Welfare

A Londra ha aperto la prima “psychosis cannabis clinic”

La strada verso un approccio lucido e chiaro alla questione "cannabis" è ancora lunga, ma da Londra arrivano buoni segnali e un'esperienza che raccontiamo in questo articolo

di Giuseppe Lorenzetti

Stormzy, pseudonimo di Michael Ebenazer Kwadjo Omari Owuo Jr., è una delle voci rap più influenti del panorama britannico. Classe 1993, nato e cresciuto a South London, origini ghanesi, da più di tre anni è sulle vette delle classifiche musicali della nazione. Ci voleva uno come lui per dire ciò che in pochissimi vogliono sentirsi dire. In occasione di un suo intervento rivolto alla Carney’s Community di Londra, lo scorso Maggio, il cantante ha raccontato di aver smesso di fumare cannabis e ha rivolto un messaggio ai giovani, senza troppi giri di parole: “Non fa bene alla vostra salute mentale”.

Così, in un panorama sociale e culturale, dove siamo costantemente bombardati da messaggi confusivi, finalmente una voce fuori dal coro può fare breccia nella consapevolezza di moltissimi giovani (e meno giovani), che ogni giorno si ritrovano nella condizione di dover prendere una scelta, privi degli strumenti e delle conoscenze necessari per decidere. La testimonianza di Stormzy non è certo la soluzione al problema, che ha radici profonde e subdole, ma è pur sempre un segnale positivo.

Nel frattempo, sempre nella capitale inglese, da meno di un anno è stata aperta, sotto la guida di Marta Di Forti, la prima “psychosis cannabis clinic” in Europa. Di Forti da anni affianca la sua professione clinica di psichiatra, esperta in primi episodi psicotici, alla ricerca scientifica sul collegamento tra uso di cannabis e psicosi. Il progetto della cannabis clinic nasce dalla comprovata esigenza di trattare i primi episodi psicotici di pazienti consumatori di cannabis e il loro uso di questa sostanza in maniera strettamente integrata.

Il collegamento tra uso di cannabis e psicosi è stato trattato dettagliatamente in un precedente articolo che ha destato reazioni fortemente contrapposte. Da un lato testimonianze di genitori, parenti e amici di persone che sono rimaste gravemente coinvolte nei problemi psicologici legati all’uso di cannabis e derivati. Dall’altro la rabbia di alcuni consumatori che si sono sentiti offesi dalla realtà dei fatti e il generale tentativo di sminuire l’entità del problema.

Di Forti ci ha confermato che il tema affrontato è un vero e proprio tabù e tra i motivi di confusione c’è la questione delle proprietà terapeutiche: “Il fatto che alcune tra le quasi cento sostanze presenti nella cannabis abbiano, se trattate in un certo modo e prescritte in specifici dosaggi, delle proprietà terapeutiche su pazienti affetti da specifiche patologie, non ha nulla a che vedere con il fatto che la cannabis venduta per strada e assunta ogni giorno da milioni di persone possa avere importanti implicazioni sulla salute mentale. E’ come dire che, siccome esistono alcuni farmaci analgesici oppiacei usati per la terapia del dolore, di conseguenza l’eroina non fa male. E’ ovviamente un’assurdità, che tuttavia purtroppo sta alla base di molti pregiudizi”.
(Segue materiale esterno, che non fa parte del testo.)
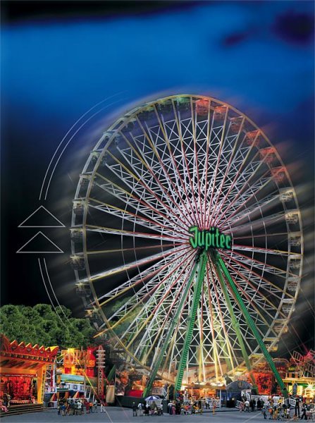 Stavebnice modelu ruského kola s motorem (16 V AC), 36ti koši. Pro osvětlení všech košů a nápisu se doporučuje dovybavit osvětlením 140471. Rozměr: 280 x 220 x 520 mm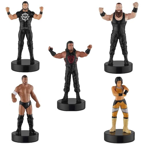 Torne-se parte da sensação Nada faz o sangue bombear como uma partida da WWE. Mergulhe no com o PMI! Seus selos da WWE permitem que você lute junto com seus favoritos com calças de selo autotintadas e blusas de bonecos de ação. Equos com tecnologia de autopintura, seus carimbos da WWE imprimem um toque de personalidade em qualquer projeto. Na parte inferior da figura, há um selo do rosto do campeão com tinta preta, vermelha, roxa ou azul suficiente para durar cerca de 200 selos. Fortaleça papéis timbrados, fortaleça os papéis escolares, decore artesanato e muito mais!

La prevalenza dell’uso di cannabis nella popolazione, la sua storia e gli interessi economici collegati ad essa la rendono purtroppo un tema dal carattere politico, ma i ragazzi e le ragazze che, a loro insaputa, in un clima di totale disinteresse e leggerezza, incorrono in enormi rischi per la loro salute, non hanno nulla a che fare con la politica. “Il nostro contributo e il nostro lavoro” – ci racconta Di Forti – “non nascono da un’ideologia o da una posizione pro o contro legalizzazione, bensì da un’urgente esigenza clinica.

A noi, in quanto medici in primis e ricercatori, interessa fare chiarezza e informare sui rischi, quasi sempre sottovalutati, legati all’uso di questa sostanza sulla mente e sul corpo umano, in modo che le persone possano prendere scelte il più possibile consapevoli, sia a livello personale, che istituzionale.”

Purtroppo ideologie e pregiudizi sono storicamente difficili da scalfire. L’attenzione mediatica verso l’argomento è scostante e l’educazione nelle scuole quasi nulla, esclusi i virtuosi e solitari tentativi di pochi, che per di più vengono tacciati di essere proibizionisti e conservatori. La strada verso un approccio lucido alla questione è ancora lunga e nel frattempo la disinformazione continua a mietere “vittime”.

Da Londra si intravedono barlumi di speranza, nel lavoro del team guidato da Marta Di Forti e nella testimonianza di un rapper che sa parlare ai giovani.